▶ **What the task asks**
A partial copy is required: transcribe exactly the lines from the one containing "Слоново-костный свитер с" through the last line below, without any pictures.

(Recorded data)
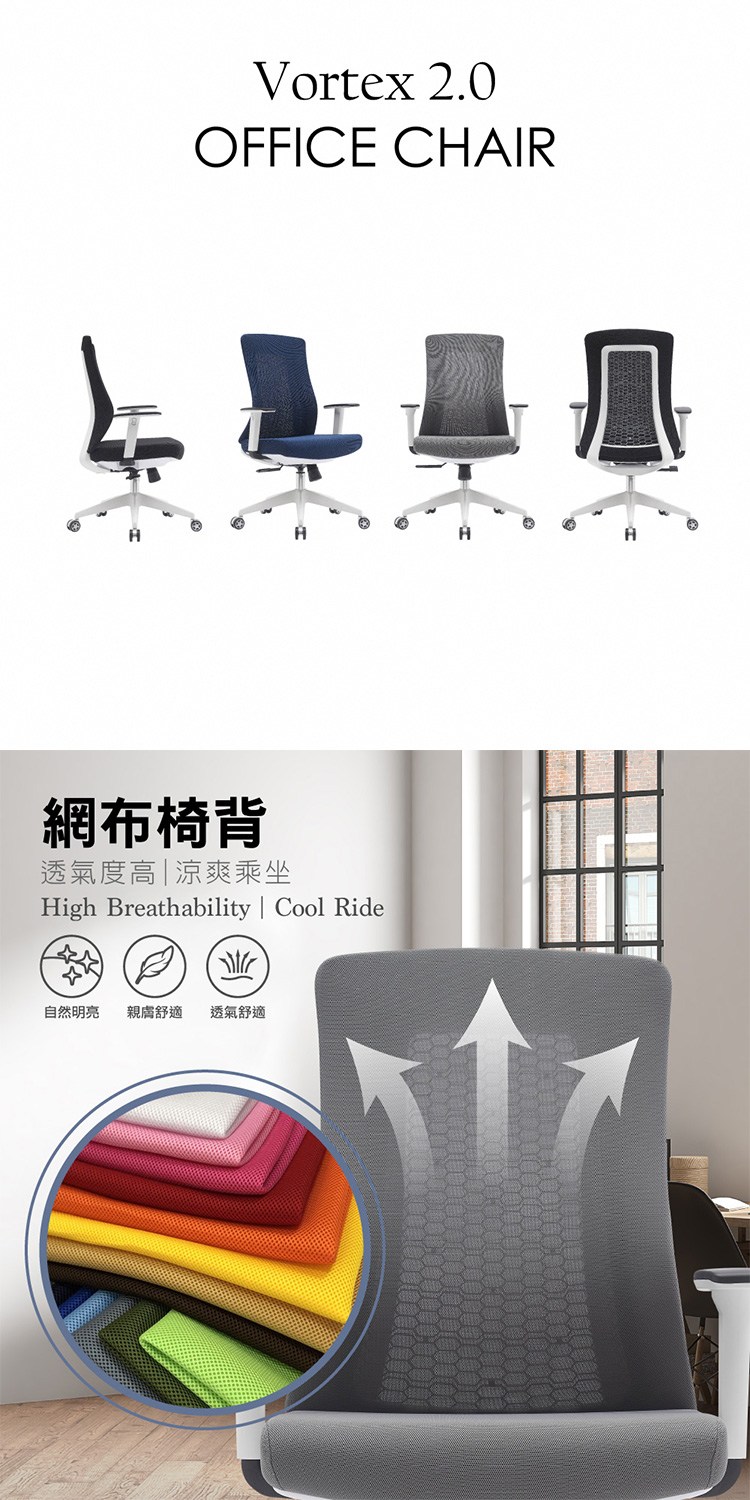 [E-home]Vortex 2.0 旋流白框中背半網扶手人體工學電腦椅,具備時尚又現代感的造型辦公椅,商務空間最亮麗的擺設,讓您工作事半功倍。
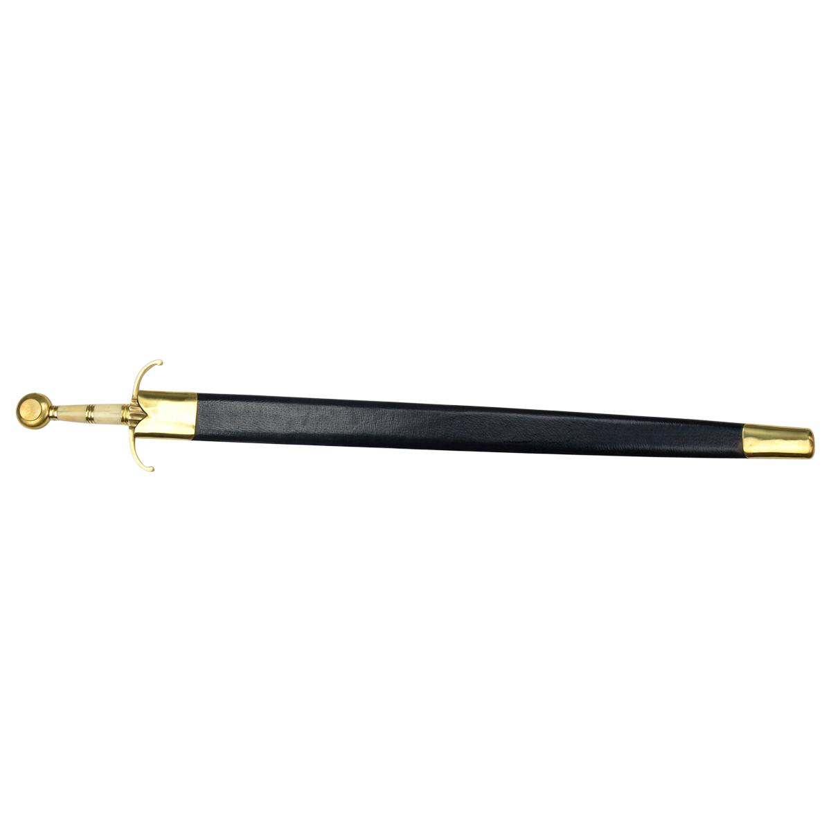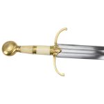 The Medieval Guingate Sword comes in honor of the battle between Louis and the Netherlands. Featuring a high carbon steel blade and has a brass pommel and guard. Based on historicaly authentic design, this piece is perfect for reenactments, costumes, and collections.
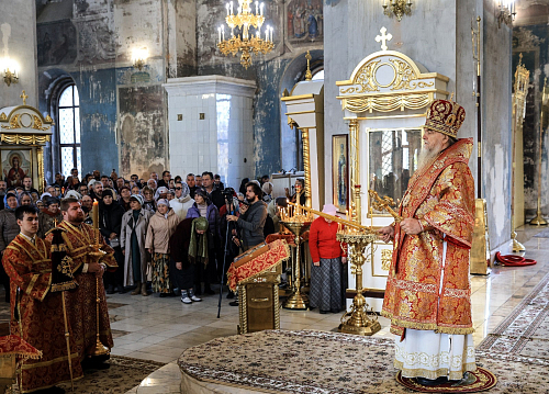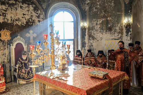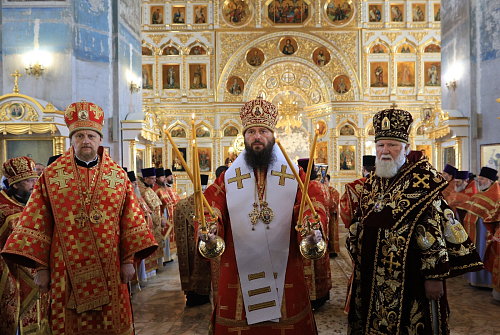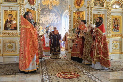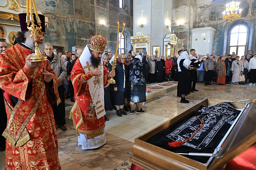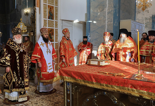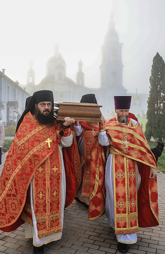 Перед началом Божественной литургии святые мощи были принесены в Богоявленский монастырский собор, где их встретили митрополит Ярославский и Ростовский Вадим, митрополит Волгоградский и Камышинский Феодор, епископ Рыбинский и Романово-Борисоглебский Вениамин, епископ Переславский и Угличский Феоктист, настоятельница обители игумения Антонина с сестрами, священнослужители, монашествующие и верующие. После встречи святых мощей была совершена Божественная литургия.
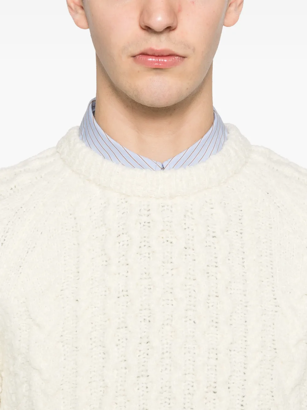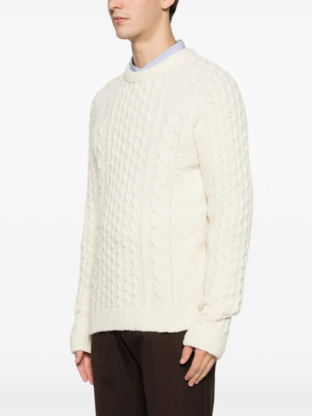 Слоново-костный свитер с круглым вырезом, вязаный косами, ребристый низ, ребристые манжеты, длинные рукава
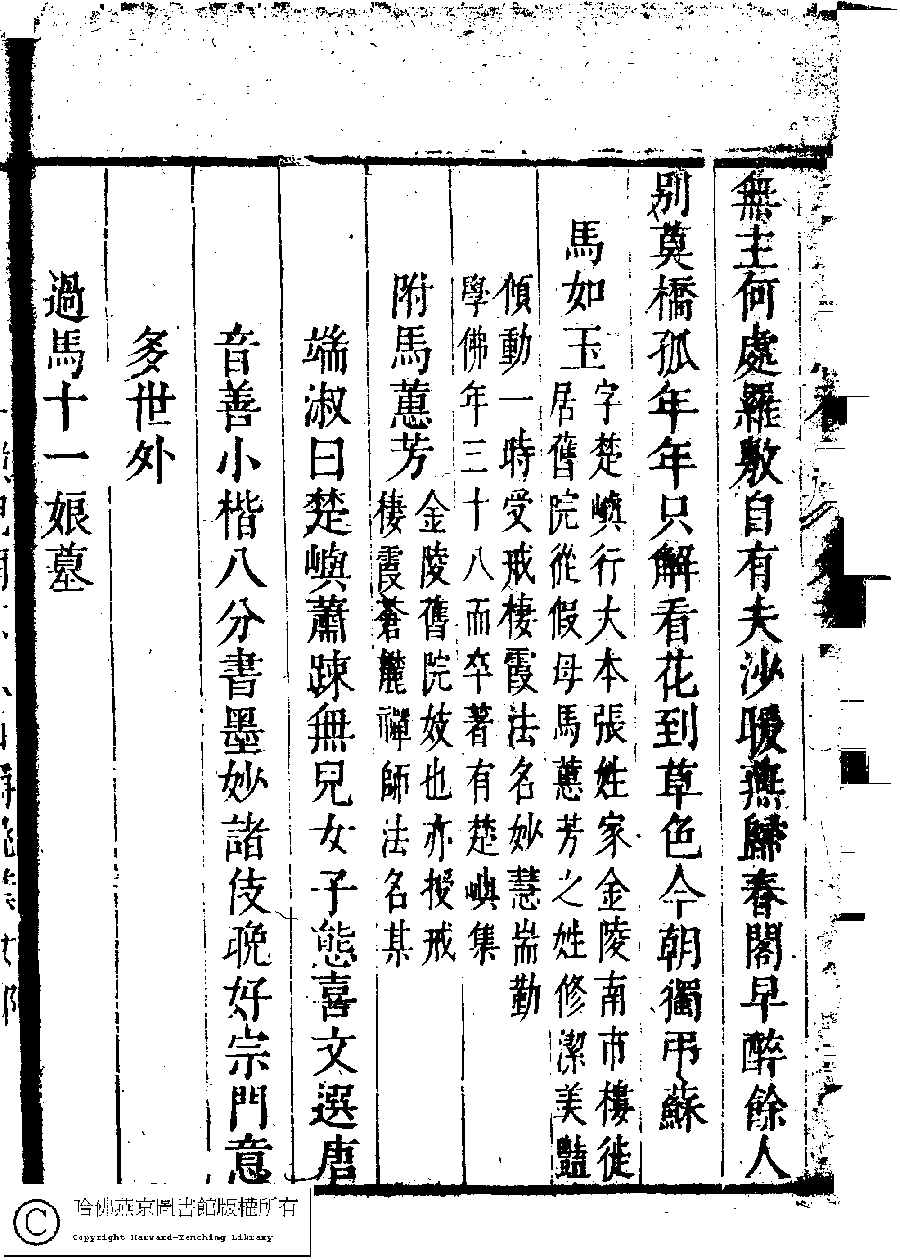 | (PRINT FRIENDLY VERSION) 名媛詩緯初編(清王端淑輯)。清康熙六年(1667)清音堂刻本 ![]() Page : 24.19b | click for larger image | Back |
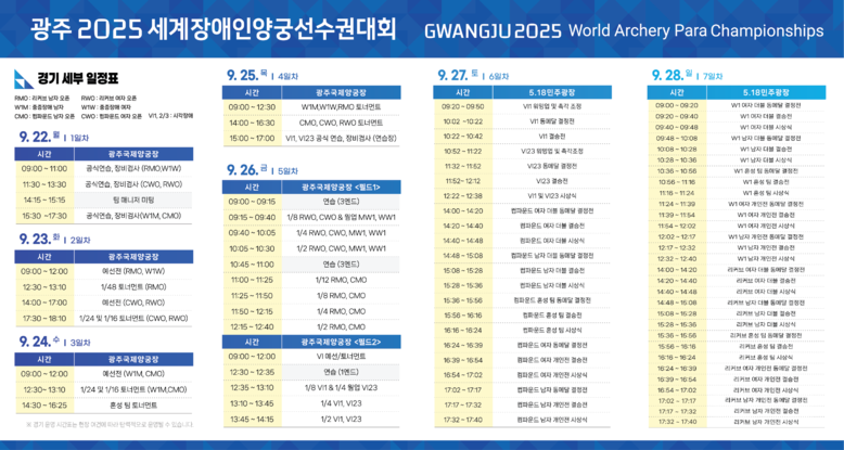 지난 12일 성황리에 폐막한 ‘광주 2025 현대세계양궁선수권대회’에 이은 연속 개최로, 광주는 이탈리아 토리노와 네덜란드 스헤르토헨보스에 이어 전 세계에서 세 번째로 세계양궁선수권대회와 세계장애인양궁선수권대회를 연이어 개최하는 도시가 됐다. 세계장애인양궁선수권대회 국내 개최는 2007년 청주 이후 18년 만이다.
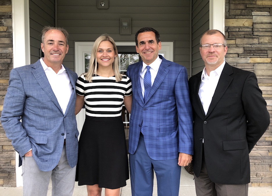 Pictured, from left, developer James Jerge with McGuire Development Co. Vice President of Marketing Megan Tafelski, President James Dentinger and Chief Operating Officer David Von Derau Jr.
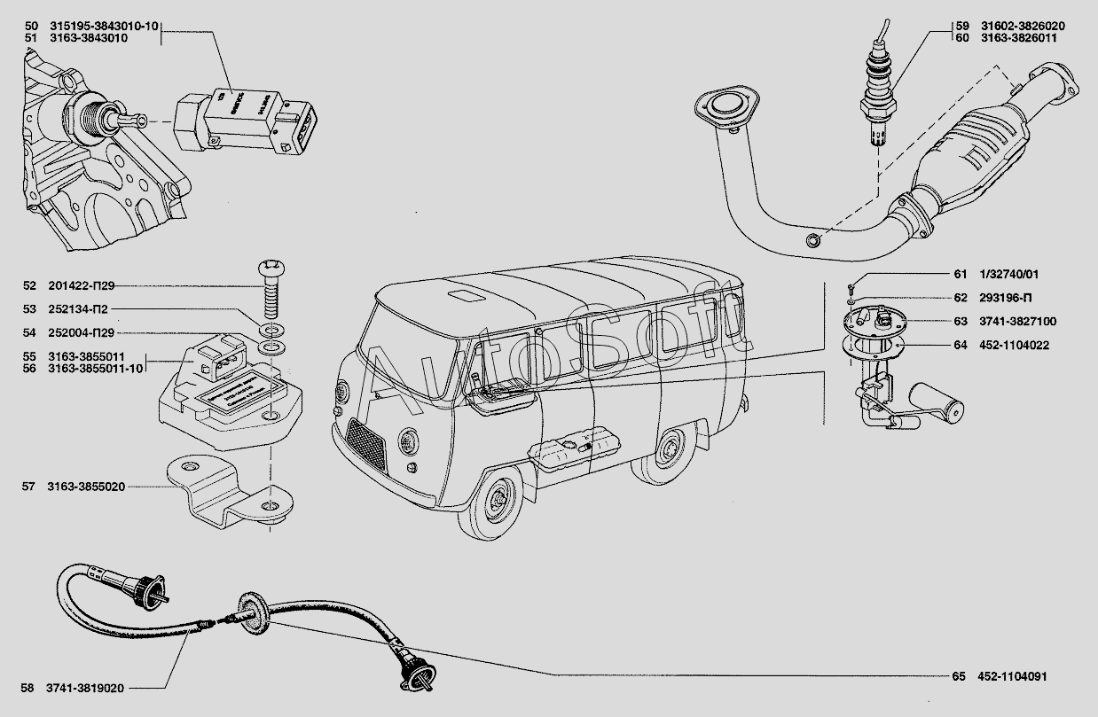 УАЗ | УАЗ-37419 (2009) | 3163-3843010 | Датчик скорости 343.3843 | Валы гибкие, приборы специальные, датчик указателя уровня топлива, датчик скорости, датчик детонаций |

▶ **Task result**
 Слоново-костный свитер с круглым вырезом, вязаный косами, ребристый низ, ребристые манжеты, длинные рукава
 | (PRINT FRIENDLY VERSION) 名媛詩緯初編(清王端淑輯)。清康熙六年(1667)清音堂刻本 ![]() Page : 24.19b | click for larger image | Back |
 지난 12일 성황리에 폐막한 ‘광주 2025 현대세계양궁선수권대회’에 이은 연속 개최로, 광주는 이탈리아 토리노와 네덜란드 스헤르토헨보스에 이어 전 세계에서 세 번째로 세계양궁선수권대회와 세계장애인양궁선수권대회를 연이어 개최하는 도시가 됐다. 세계장애인양궁선수권대회 국내 개최는 2007년 청주 이후 18년 만이다.
 Pictured, from left, developer James Jerge with McGuire Development Co. Vice President of Marketing Megan Tafelski, President James Dentinger and Chief Operating Officer David Von Derau Jr.
 УАЗ | УАЗ-37419 (2009) | 3163-3843010 | Датчик скорости 343.3843 | Валы гибкие, приборы специальные, датчик указателя уровня топлива, датчик скорости, датчик детонаций |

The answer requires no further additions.